Вторым по авторитету человеком в торговом зале был Терри Мелвилл, начинавший у «Картье» в Лондоне и обладавший внушительным и всеобъемлющим знанием ювелирного дела. Он был пятью годами моложе меня, невысокий худой гомо, с длинными, выкрашенными в серебристый цвет волосами, синими глазами, узкими ноздрями и ртом, похожим на прорезанную ножом щель.

Когда-то в прошлом Сидни увлекся им и привез в Парадиз-Сити, но теперь он ему надоел. Терри ненавидел меня, и я платил ему тем же. Он ненавидел меня за знание бриллиантов, я же — за ревность, за мелочные попытки перехватить моих клиентов и за его ядовитую злобу. Его бесило, что Сидни так много делает для меня, хотя я и не педераст. Они постоянно ссорились. Если бы не деловые качества Терри, да еще какая-то грязь, припасенная им на Сидни, тот наверняка избавился бы от него.

Когда Сэм Гобл, ночной охранник, отпер магазин и впустил меня, Терри уже сидел за своим столом.

— Сочувствую твоему несчастью, Ларри, — с притворной грустью сказал он. — Могло быть и хуже. Ты тоже мог погибнуть.

В его глазах было подлое, злорадное выражение, вызвавшее у меня острое желание ударить по его поганой физиономии. Я видел, как он рад случившемуся.

Я молча кивнул и прошел мимо него к своему столу. Джейн Барлоу, моя секретарша, полная солидная дама лет сорока пяти, принесла мне почту. От ее печальных глаз и попытки улыбнуться у меня защемило сердце. Я притронулся к ее руке.

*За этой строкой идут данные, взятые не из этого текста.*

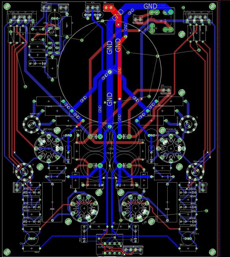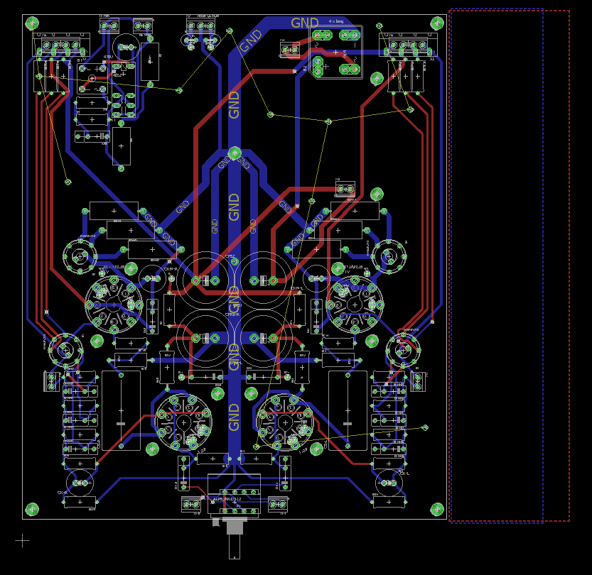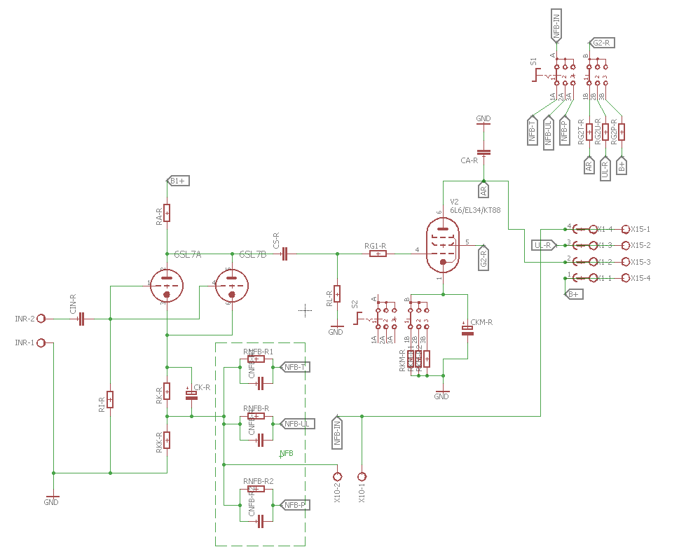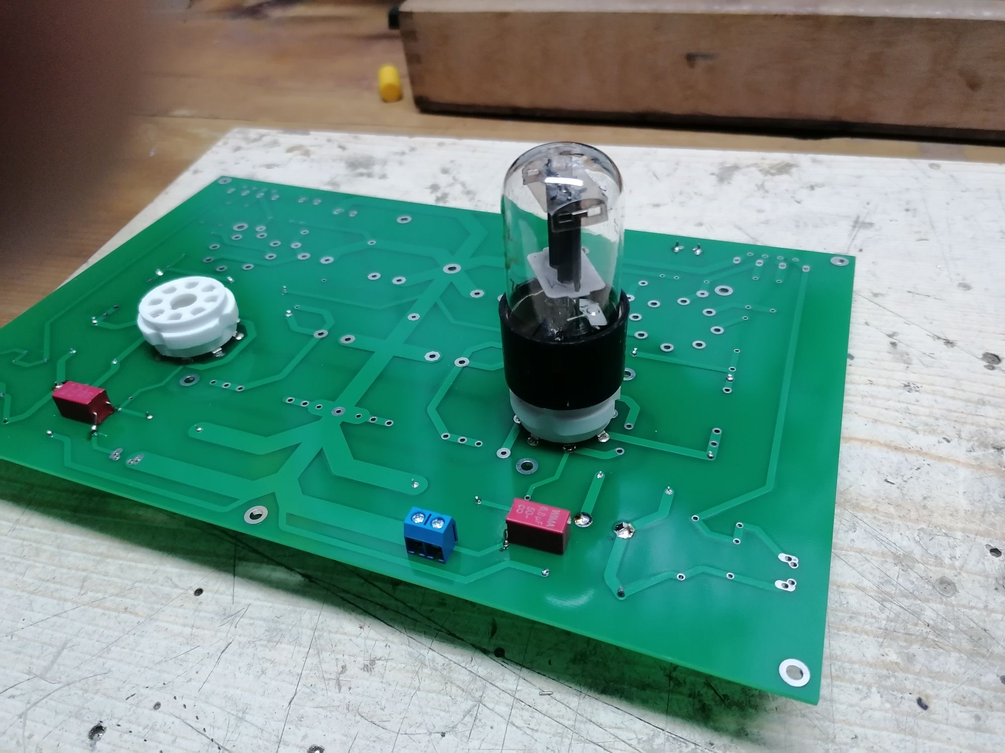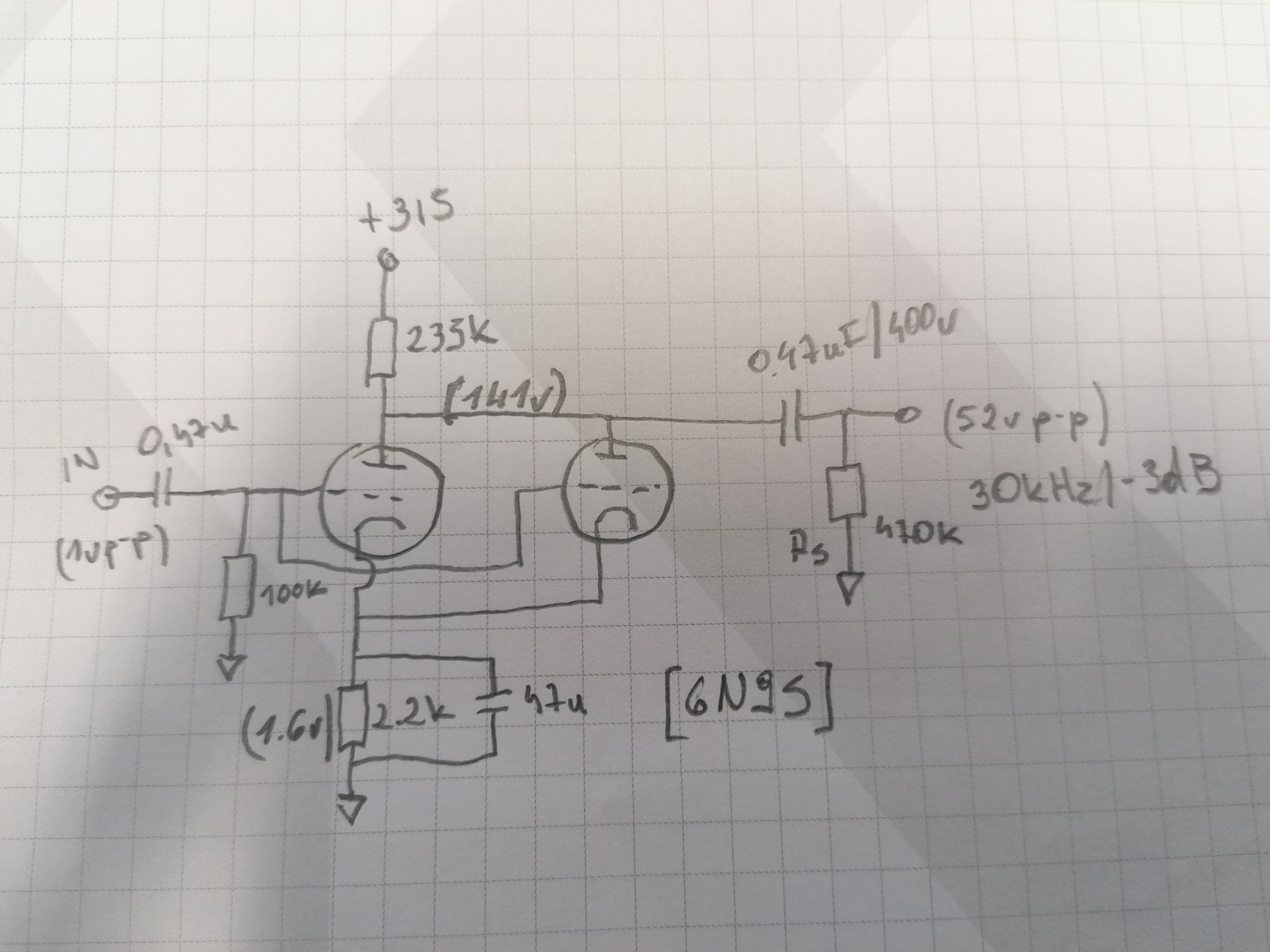 Idąc za ciosem poskładałem na desce taki oto stopień wejściowy - równolegle spiąłem ruską 6n9s, to czy elementy są dobrane optymalnie na razie chciałbym pominąć... wzmocnienie 1kHz pokrywa się z tym co obliczyłem jak również z symulacją ltspice. wzmocnienie 52 v/v

— Бывает, Джейн, — сказал я. — Не надо ни о чем говорить. Чем тут помогут слова. Спасибо за цветы.

Сидни, постоянно справлявшийся о моем самочувствии, приглушенные голоса клиентов, Терри, злобно следивший за мной из-за стола, сделали этот день едва переносимым, но я все же выдержал его до конца. Сидни пригласил меня пообедать, но я отказался. Рано или поздно мне предстояло столкнуться с одиночеством, и чем раньше, тем лучше. Последние два месяца мы с Джуди обедали либо у нее, либо у меня на квартире. Теперь всему этому пришел конец.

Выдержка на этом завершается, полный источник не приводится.